Minutes after posting this look at the after looks

 

 

 .


----------



## micah wotring (Jun 16, 2016)

It's raining hard at our place too!!


----------



## TAH (Jun 16, 2016)

micah wotring said:


> It's raining hard at our place too!!


Yep. Even tho we are across the usa it is the same here and over in WV.


----------



## Baymule (Jun 16, 2016)

We had a WHOLE WEEK of sunshine!  Thank goodness  we got rain 2 days in a row to break that terrible week-long drought!!


----------



## Poka_Doodle (Jun 16, 2016)

It is crazy hot here. Also wildfires in the area, nervous that summer camp won't happen


----------



## babsbag (Jun 16, 2016)

It's gorgeous here right now. Got 1.25" of rain yesterday and it doesn't rain in June in CA. I think the high today was about 70° with a little rain.
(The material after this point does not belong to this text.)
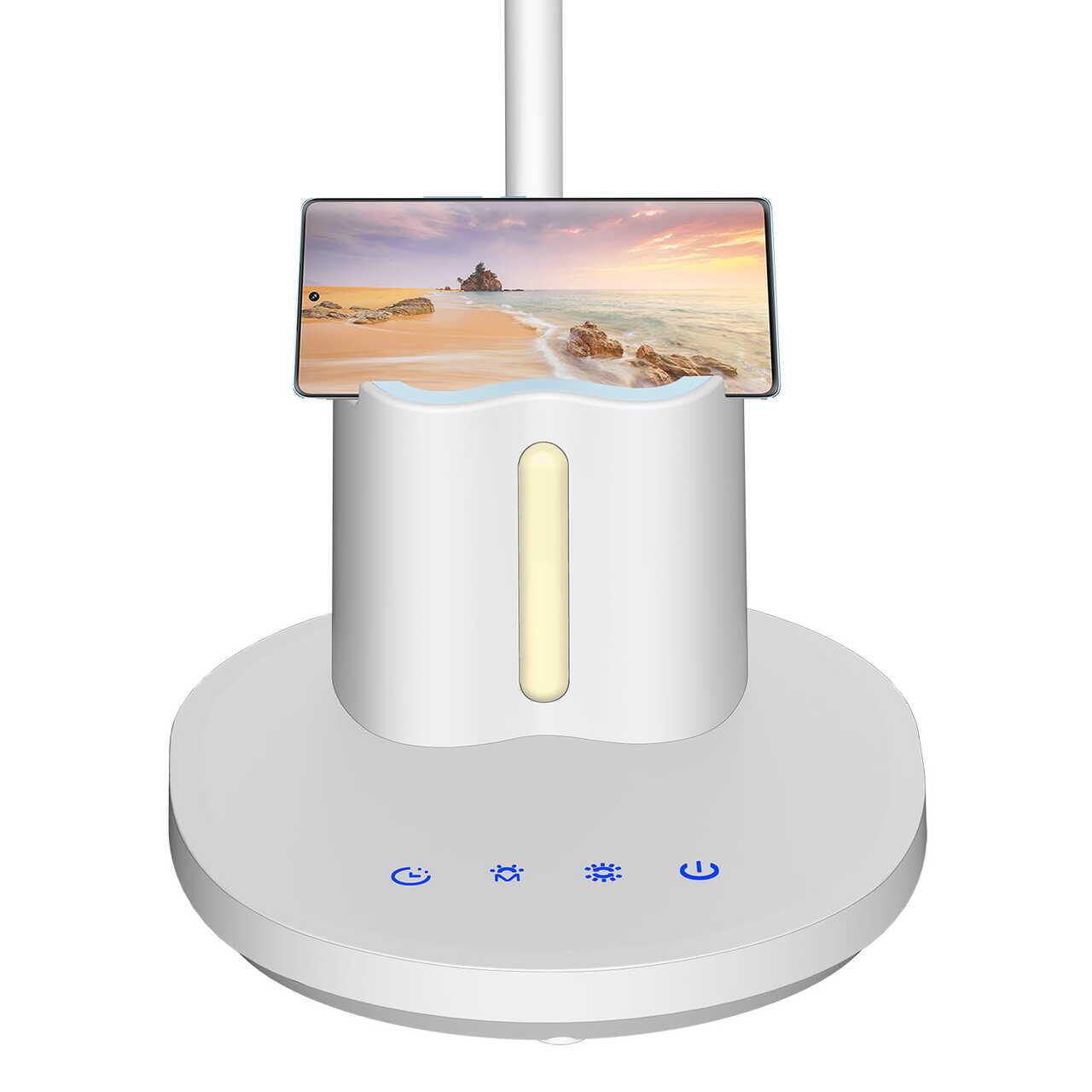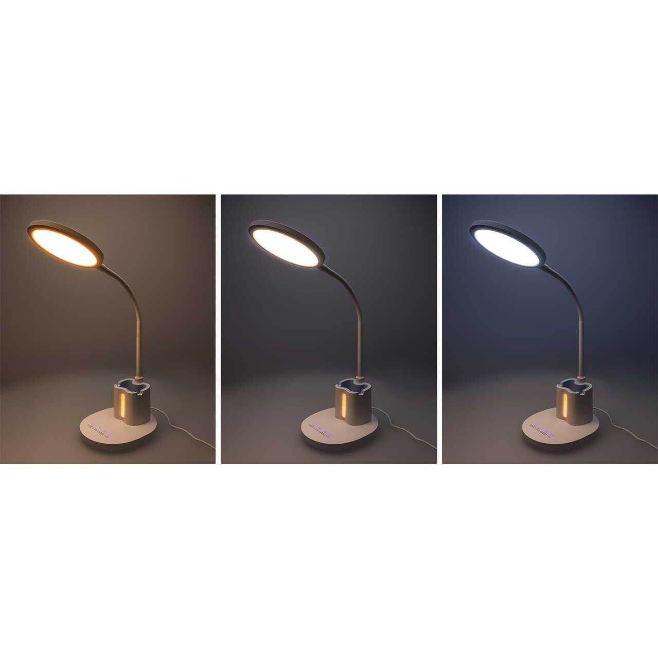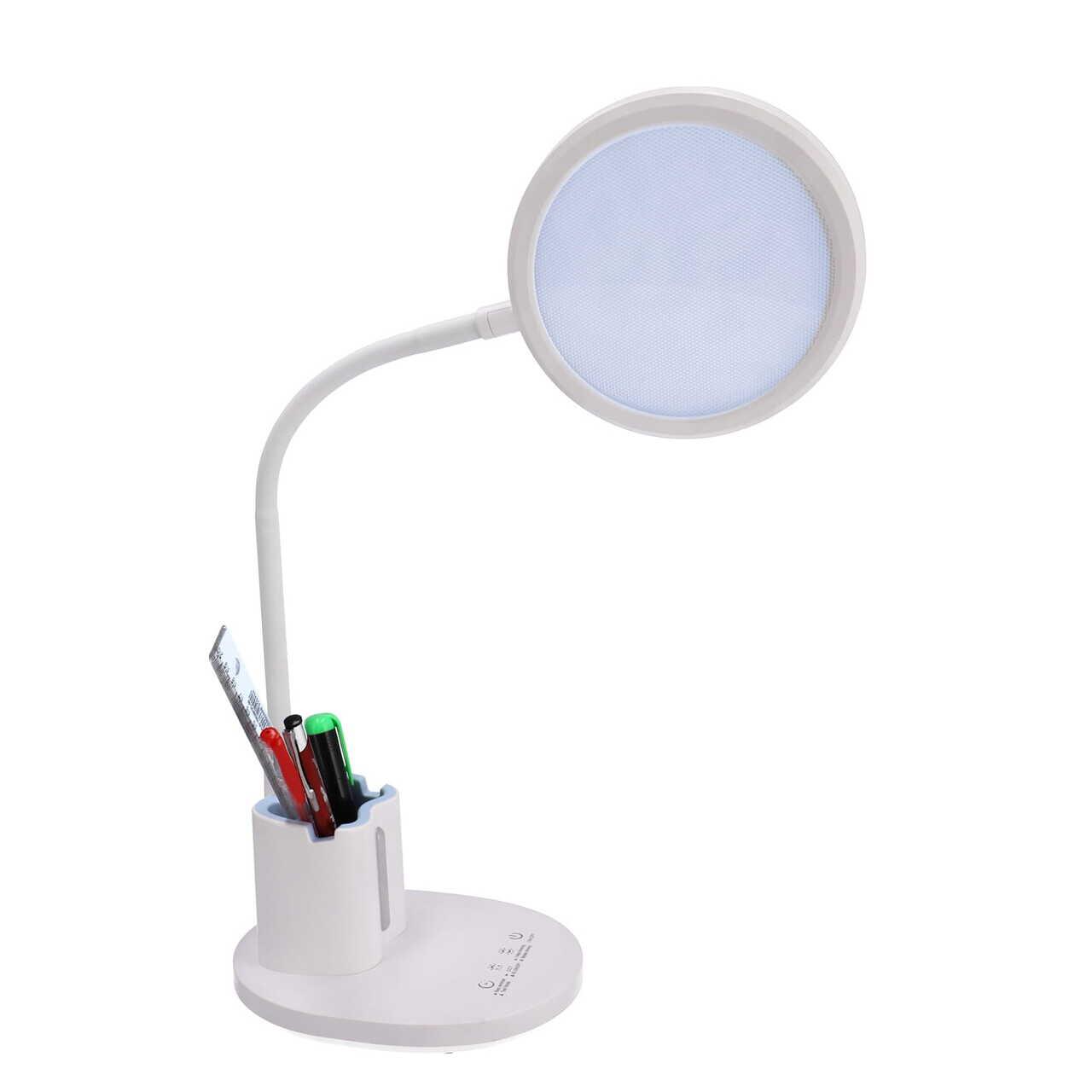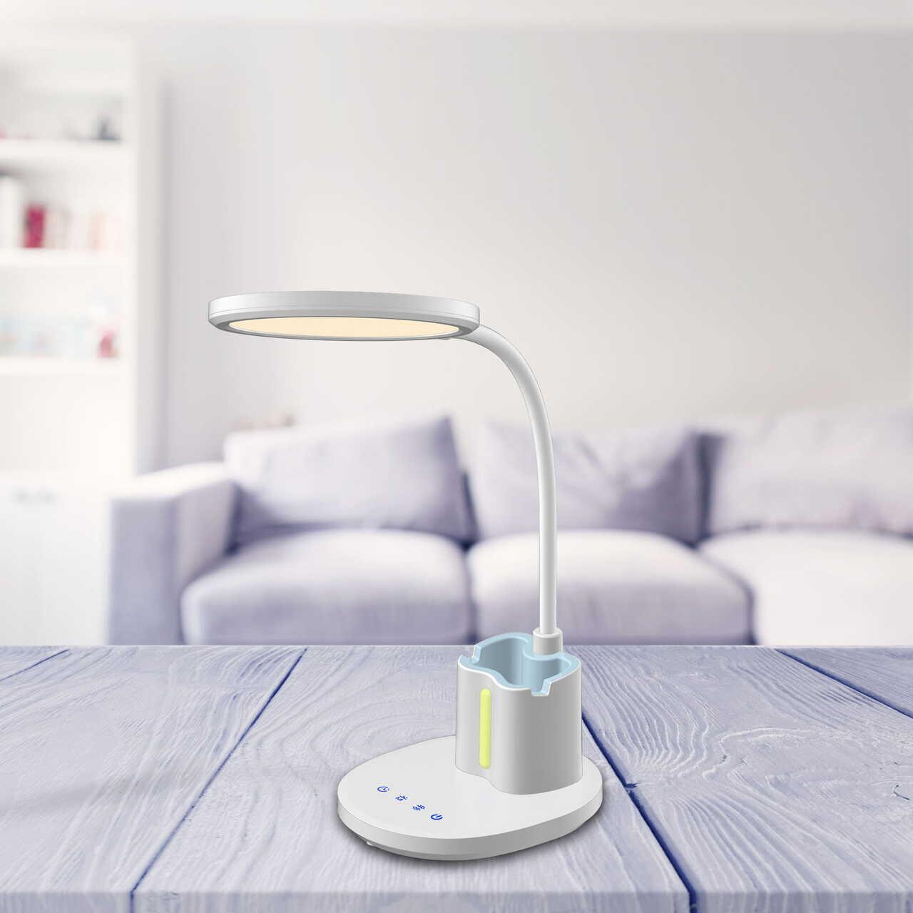 - A fehér, modern asztali lámpa tökéletes megvilágítást biztosít a munkahelyén. Ezenkívül további funkciókkal is rendelkezik, amelyek megkönnyítik az irodai eszközök rendszerezését. Ideális tanulószobákban vagy dolgozószobákban való elhelyezésre. Megbízható segédeszköz az olvasáshoz és az íráshoz.

Next week back up to 104° Now that's the June I know.


----------



## micah wotring (Jun 17, 2016)

Here's a cool sight I found.
http://www.intellicast.com/National/Radar/Current.aspx?animate=true
We had some really hard spurts but after dark it settled down.
Rained lots this morning though!


----------



## frustratedearthmother (Jun 17, 2016)

babsbag said:


> the high today was about 70° with a little rain


That does it - I'm moving west, lol.
Our high yesterday was 97... with a heat index of 108.


----------



## TAH (Jun 17, 2016)

My faviorite time or the day sunsets.


----------



## TAH (Jun 17, 2016)

The pasture up ahead is for cows.


----------



## cjc (Jun 17, 2016)

Although we may not like to play in the rain the grass sure likes to grow in it! We love the rain over here! We have had a ton of it and the grass is waist high, we can barely see the cows in the grass its so high


----------